Hi team,
We’re hitting persistent 503 UNAVAILABLE responses on the Gemini Developer API
in production. Workload is invoice PDF processing (document understanding).
Error
HTTP 503
{
“error”: {
“code”: 503,
“status”: “UNAVAILABLE”,
“message”: “This model is currently experiencing high demand. Spikes in
demand are usually temporary.
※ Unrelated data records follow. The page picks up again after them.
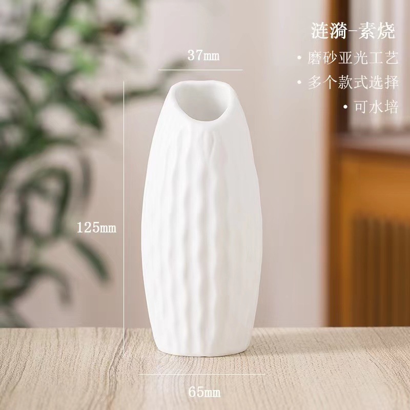 일반 구운 흰색 세라믹 꽃병 현대 간단한 말린 꽃 꽃꽂이 도매 창조적 인 가정 장식 공예품 장식품스토어 가기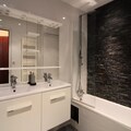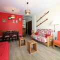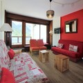 The 2-room apartment, spanning 56 m², comfortably accommodates up to six guests. Its thoughtful layout includes a cozy living room with a sofa bed, armchairs, and a TV, perfect for unwinding after a day on the slopes. The north-facing bedroom features bunk beds, creating a playful and practical space for families or groups. A separate, fully equipped kitchen with modern appliances invites you to prepare hearty meals, while the renovated bathroom with a double sink and bathtub adds a touch of luxury. The large south-facing terrace is the ideal spot to soak up the alpine sun and take in the stunning surroundings.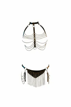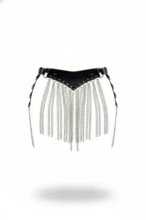 Black Skirt Chain Detailed Skirt Faux Leather Skirt Waist Accessory - APFT328

Please try again later.”
}
}
Endpoint
POST https://generativelanguage.googleapis.com/v1beta/models/:generateContent
Setup
- Model: < gemini 3 flash preview>
- Billing: Paid tier enabled on the linked Cloud project
- API key created: Google AI Studio, owner account
- Region of caller:
Observed
- First seen (UTC): 23-05-2026
- Frequency: < ~30% of requests over the last 1h>
- Payload: PDF, ~ pages, ~ MB
- Retry result: Exponential backoff (1/2/4s) still fails
Already tried
- Switching model: <gemini-2.5-pro → gemini-2.5-flash>, result: <…>
- Confirmed not hitting RPM/TPM quota
- Verified API key + billing on the project
Business impact
Production invoice pipeline degraded, manual fallback in place.
Asks
- Is this capacity-scoped (regional) or project-scoped?
- Guidance on a stable model for paid tier in this region.
- Any path to reserved/provisioned capacity on the Developer API,
or should we migrate this workload to Vertex AI?